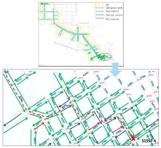 Based on the road network structure characteristics of this experiment the control domain consists of emergency road sections, emergency nodes, and other road sections/nodes connected with them in two layers. The optimal regulation strategy is shown in Figure 13, in which the red road sections are under full control, blue sections are under partial control (control intensity equals 0.50) and green sections have no controls. Details of the control types of the road sections in the optimal schema are shown in Table 7.
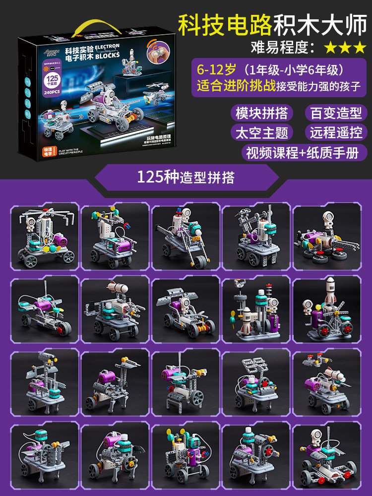 儿童遥控电动电路积木电子益智玩具物理科学实验套装男孩生日礼物
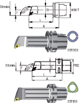 - voor draaibewerkingen - koeling door uitgelijnde koelmondstuk en hogedrukkoelmondstuk - het aandrijven van groeven op de HSK volgens de ICTM-standaard Note: L = links R = rechts |
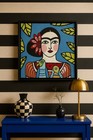 Woven Embroidered Textile Wall Art Frida Style Woman Birds Boho Decor 17”x17” Bp
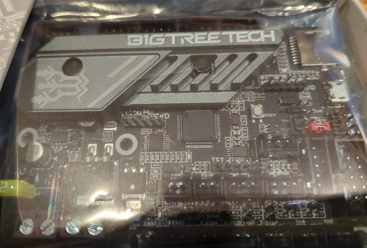 On the mobo, the 3rd and 5th pair of green PCB terminals each with twisted red and black now signal the MOSFET boards rather than going direct to the bed and extruder. (It was the 3rd one down that burnt out):
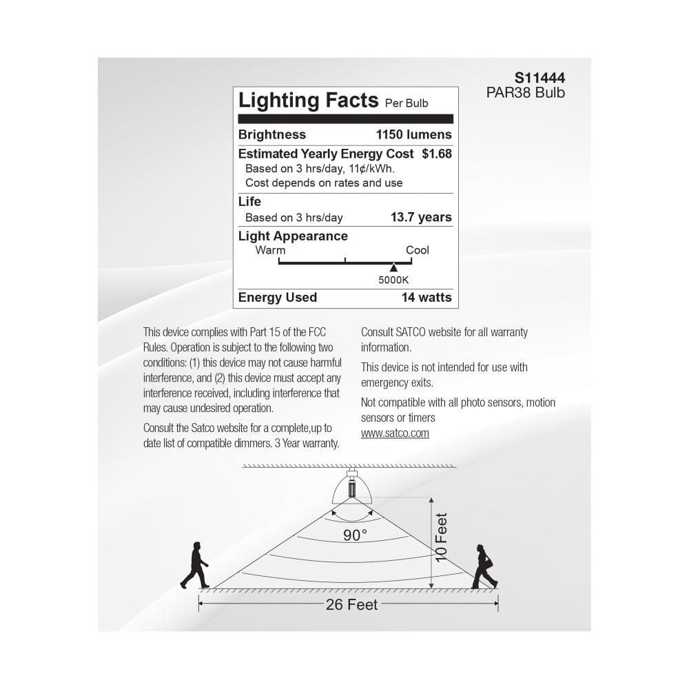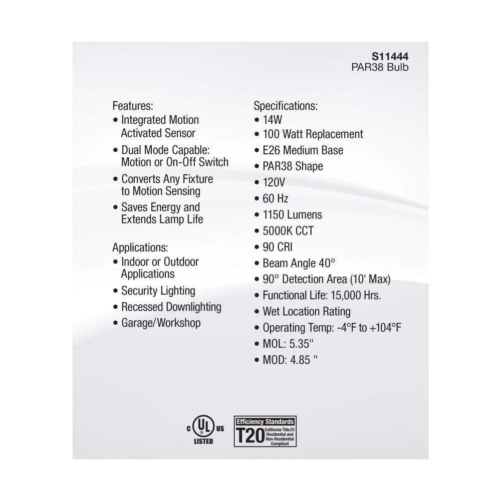 Illuminate your surroundings with SATCO NUVO's advanced S11444 PIR 14-watt, PAR38 LED screw-base lamp featuring an integrated motion sensor. With this lamp, you can easily turn any space into a motion-activated light source without requiring additional
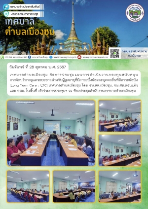 ประชุมแผนการดำเนินงานกองทุนสนับสนุนการจัดบริการดูแลระยะยาวสำหรับผู้สูงอายุที่มีภาวะพึ่งพิงและบุคคลอื่นที่มีภาวะพึ่งพิง (Long Term Care : LTC) เทศบาลตำบลเมืองชุม
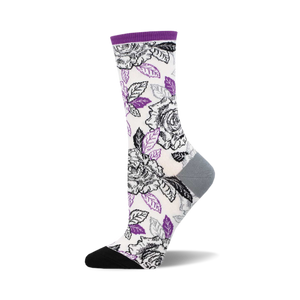 Jazz up your sock drawer with Ace Roses! These crew-length charmers sport a snazzy pattern of black and gray roses, punctuated by vibrant green leaves against a crisp white backdrop. Perfect for adding a splash of fun to your daily wear or spicing up your outfit at a casual brunch. Why settle for ordinary when you can flaunt extraordinary? Grab a pair today and let your feet bloom with style!
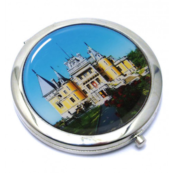 Зеркало металлическое, двустороннее, круглое, на защелке с изображением Массандровского дворца.
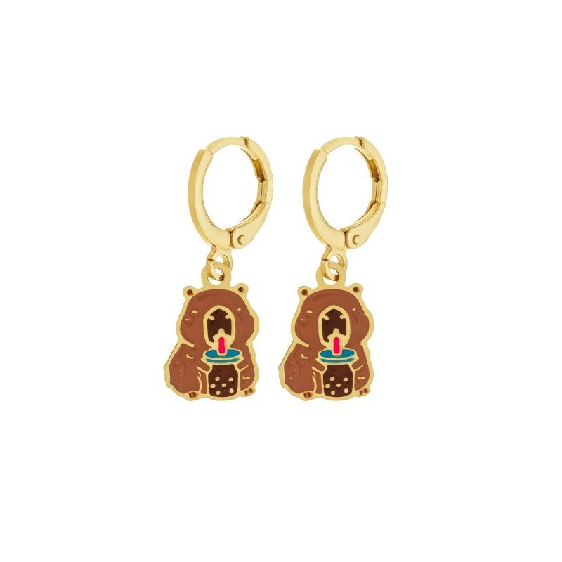 3. BRINCO INFANTIL ARGOLINHA CAPIVARA RESINADA BANHADO EM OURO
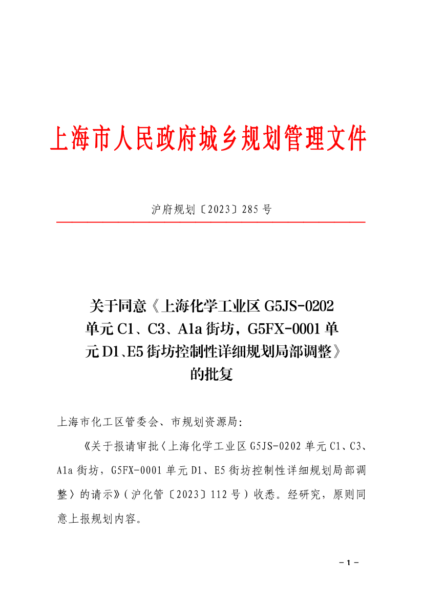 《关于报请审批〈上海化学工业区G5JS-0202单元C1、C3、A1a街坊,G5FX-0001单元D1、E5街坊控制性详细规划局部调整〉的请示》(沪化管〔2023〕112号)收悉。经研究,原则同意上报规划内容。
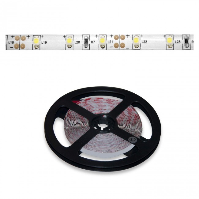 Tira LED 12V DC 60LED/m 6500k Blanca IP44. Esta tira LED monocolor tiene 5 metros de longitud y utiliza LED de tecnología SMD3528 de gran luminosidad que emite aproximadamente 240 lúmenes por metro en un ángulo de 120º.
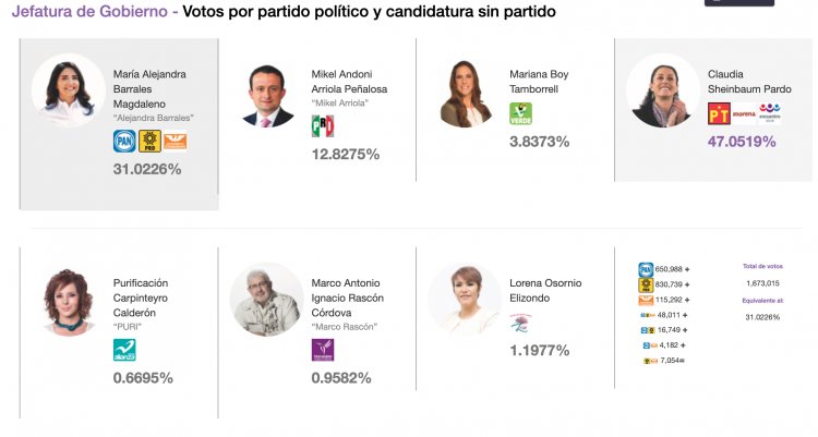 Jefatura de Gobierno. Movimiento Ciudadano aportó 115 mil 292 votos, de acuerdo con el Sistema de Cómputos Distritales y de Demarcación 2018 del Instituto Elector de la Ciudad de México (IECM).
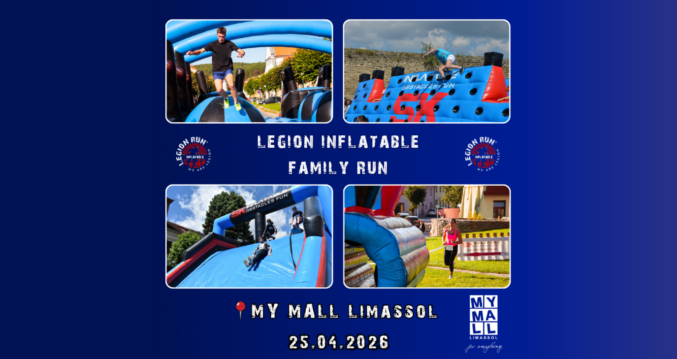 Το My Mall Limassol, ως premium χορηγός, φιλοξενεί το Legion Inflatable Family Run το Σάββατο 25 Απριλίου 2026, από τις 10:00 μέχρι τις 13:00, στον εξωτερικό του χώρο, προσκαλώντας μικρούς και μεγάλους σε μια ξεχωριστή ημέρα γεμάτη δράση, διασκέδαση και οικογενειακές στιγμές.
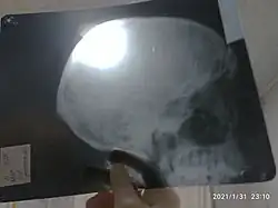 A medical radiograph of a skull
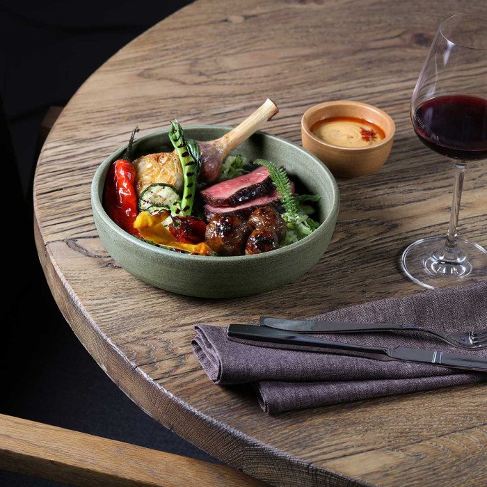 The deep coupe plate 16cm beige from the Selva series by Rak Porcelain is a refined and durable addition to the Rakstone range, crafted to meet the demanding requirements of catering professionals. Made from high-quality porcelain, this deep coupe plate combines resistance and elegance, ensuring long-lasting performance in even the busiest environments. Its beige color adds warmth and sophistication to your table service while maintaining the natural, authentic look characteristic of the Rakstone collection. This 24cm deep bowl plate is versatile and practical: Dishwasher-safe, allowing for easy cleaning and maintenance. Microwave-safe, providing flexibility for reheating or serving warm dishes. Stackable, facilitating organized storage and space-saving in professional kitchens. Designed to endure frequent use while preserving its appearance and quality, the Selva series soup plate is an excellent choice for those seeking reliability and aesthetic appeal at a competitive price. It combines functionality and style, making it ideal for upscale catering environments.
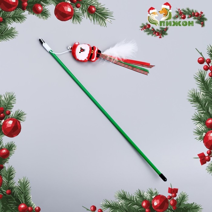 Новый год. Дразнилка-удочка для кошек с бубенчиком "Дедушка", 40 см
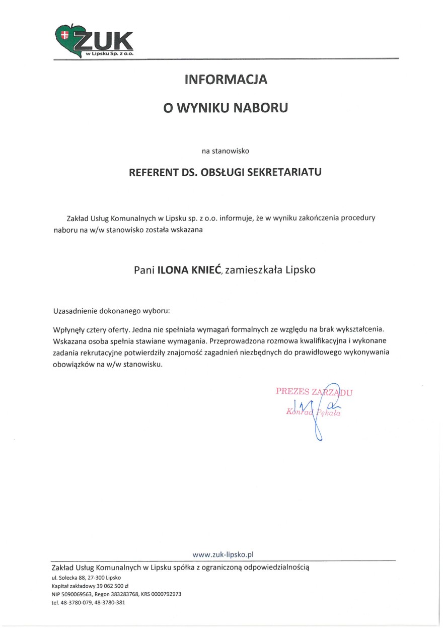 Zakład Usług Komunalnych w Lipsku Sp. z o.o. informuje, że w wyniku zakończenia procedury naboru na stanowisko Referenta ds. Obsługi Sekretariatu, do zatrudnienia została wybrana:
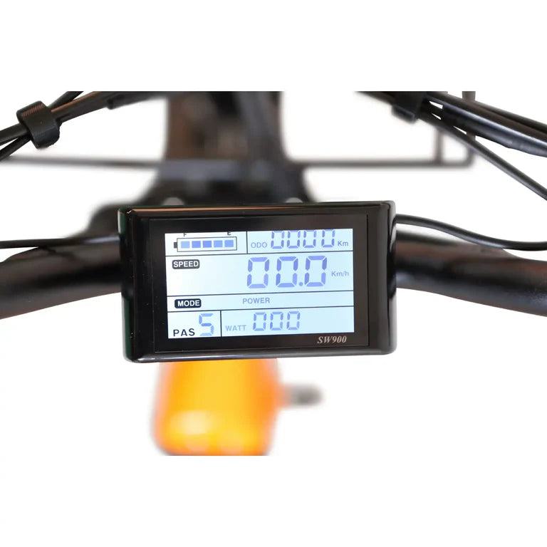 The backlit LCD display is your communication center. Here, you will find your speed, power assist (PAS) level, battery level, and odometer. This multifunctional display is weather resistant and includes a USB charging port
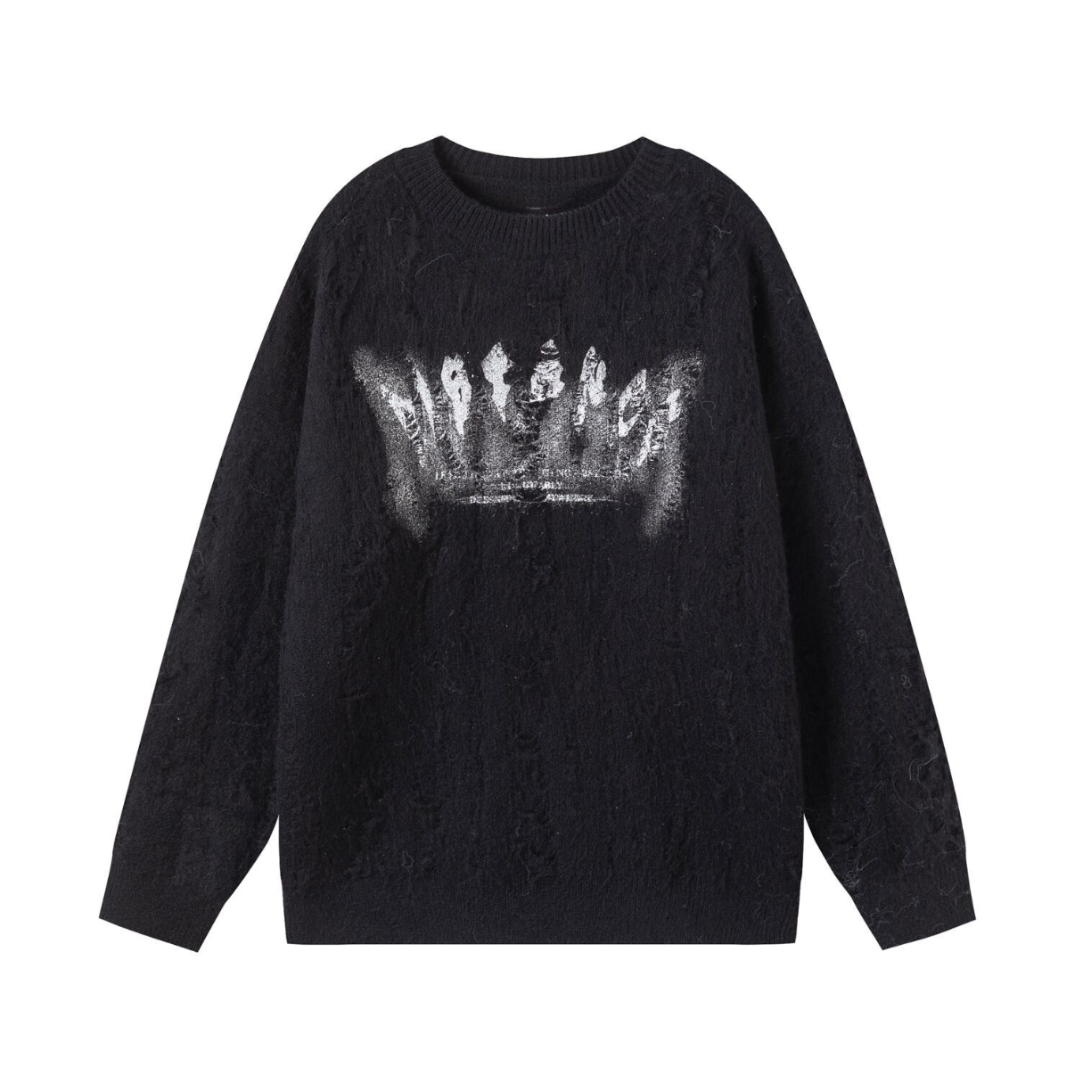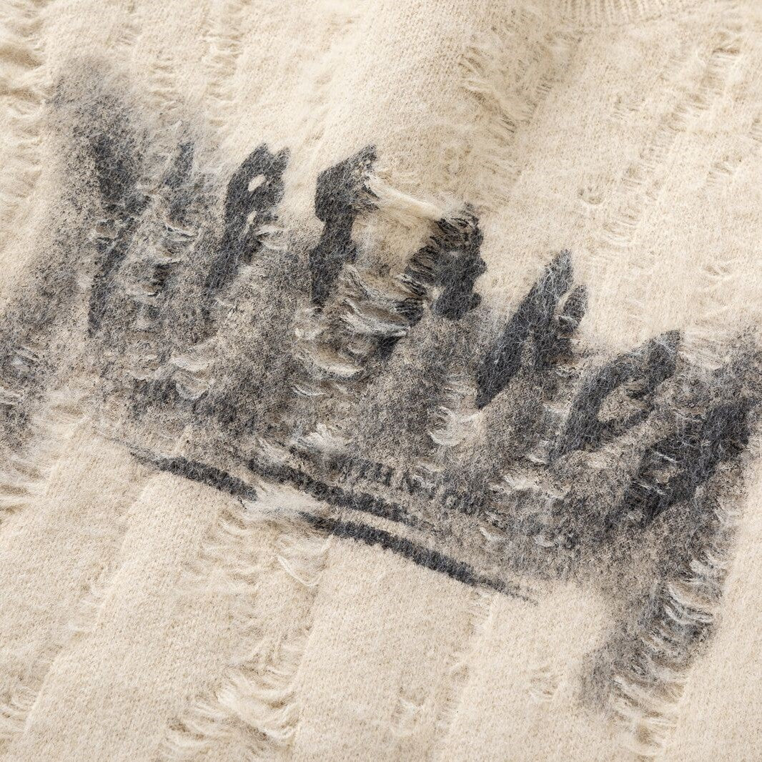 Embrace the edge with the "Chaotic Reign Knit Sweater," a statement piece that blends style with a touch of rebellion. This captivating sweater features a unique graphic design with a distressed crown motif, creating a look that's both edgy and intriguing. The distressed detailing adds a touch of rebellion, giving the sweater a unique and individualistic feel.
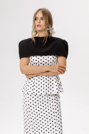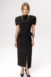 Укороченный кейп на подкладке (приобрести платье с фото можно по арт. 6638, приобрести топ с фото можно по арт. 6643, приобрести юбку с фото можно по арт. 6644). Детали: круглая горловина, вытачками по плечам и плевые накладки, застежка на навесную петлю и пуговицу, на подкладке. Кейп не имеет переда и спинки. Длина кейпа около 21 см в 40 размере, около 22 см размерах 42-46 и около 23 см в размерах 48-53
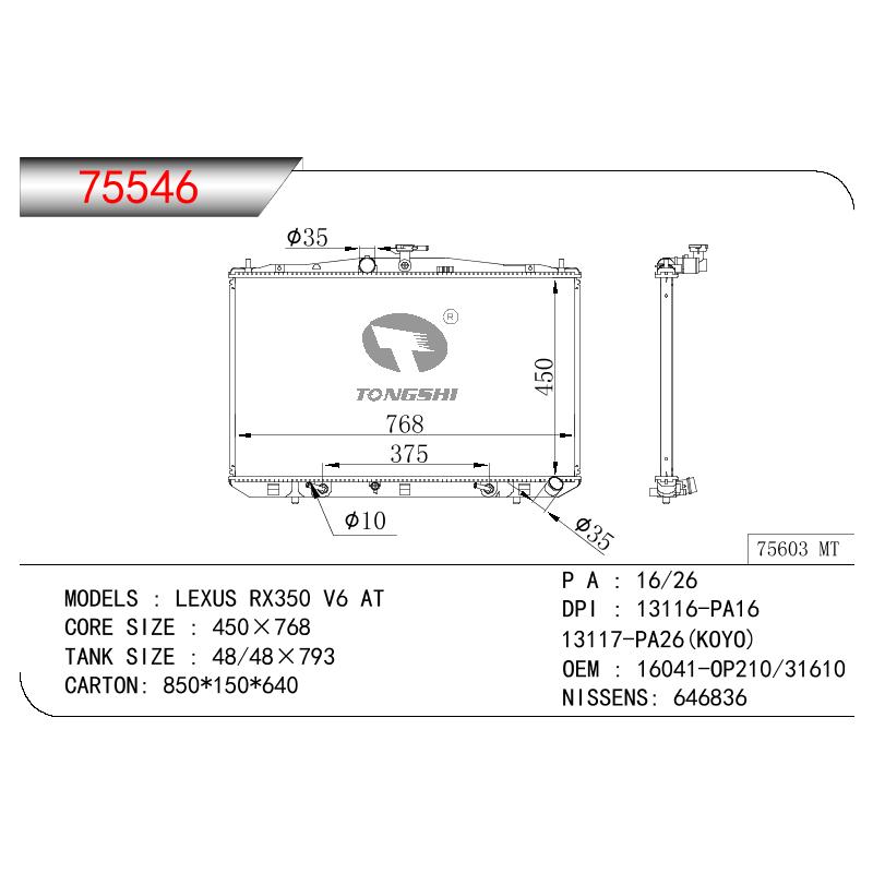 適用于奇瑞瑞虎(新款) MT散熱器 OEM : F1301000B1
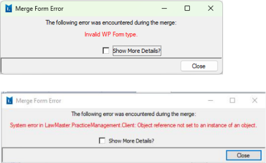System Forms - Merge Form Error – LawMaster Support
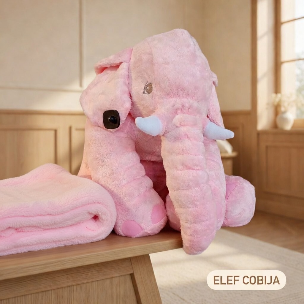 Es un adorable elefante de peluche gigante color rosa suave, diseñado como un compañero tierno y funcional para los más pequeños (y no tan pequeños).
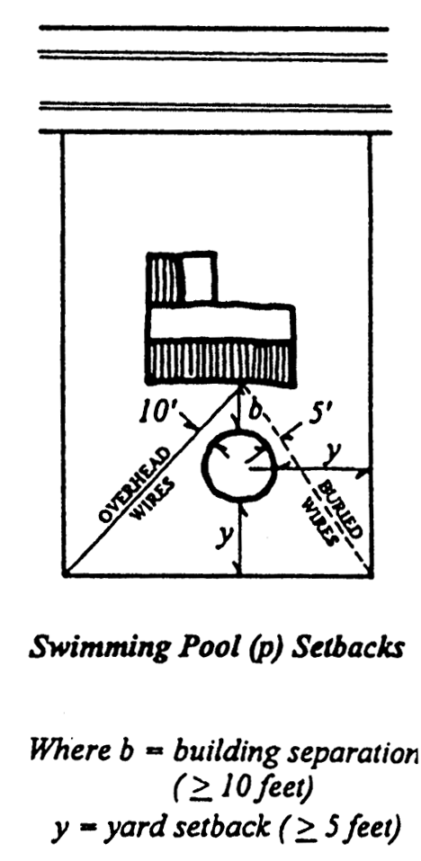 No swimming pool, hot tub, or outdoor spa shall be located within ten feet of any overhead electric distribution or aboveground service utility line transformer, pedestal or meter, or within five feet of any buried electric distribution or service utility line.
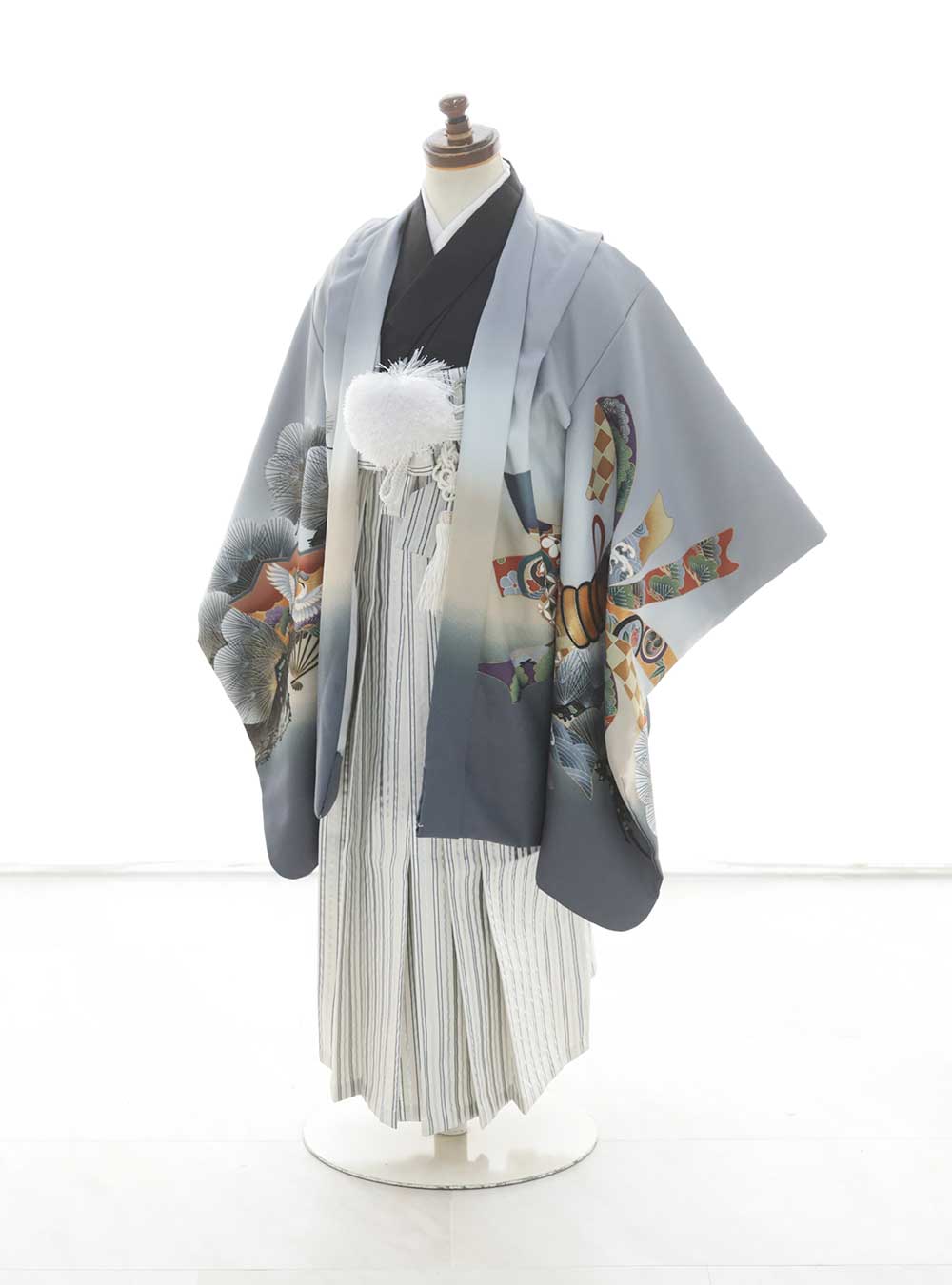 ライトグレーと白をメインにした上品なデザイン。鮮やかなカラーで描かれた熨斗目柄は、「祝福」や「絆」といった意味を持ち、古くより多くの人々に愛されてきた文様です。 淡いカラーを伝統柄が華やかに彩り、シンプルながらも高級感のあるスタイルです。
==================================================
» Task brief
All lines above from the one containing "Es un adorable" up to and including the one containing "No swimming pool, hot" are to be set down exactly, and nothing else. Leave images out.

» Finished exercise
 Es un adorable elefante de peluche gigante color rosa suave, diseñado como un compañero tierno y funcional para los más pequeños (y no tan pequeños).
 No swimming pool, hot tub, or outdoor spa shall be located within ten feet of any overhead electric distribution or aboveground service utility line transformer, pedestal or meter, or within five feet of any buried electric distribution or service utility line.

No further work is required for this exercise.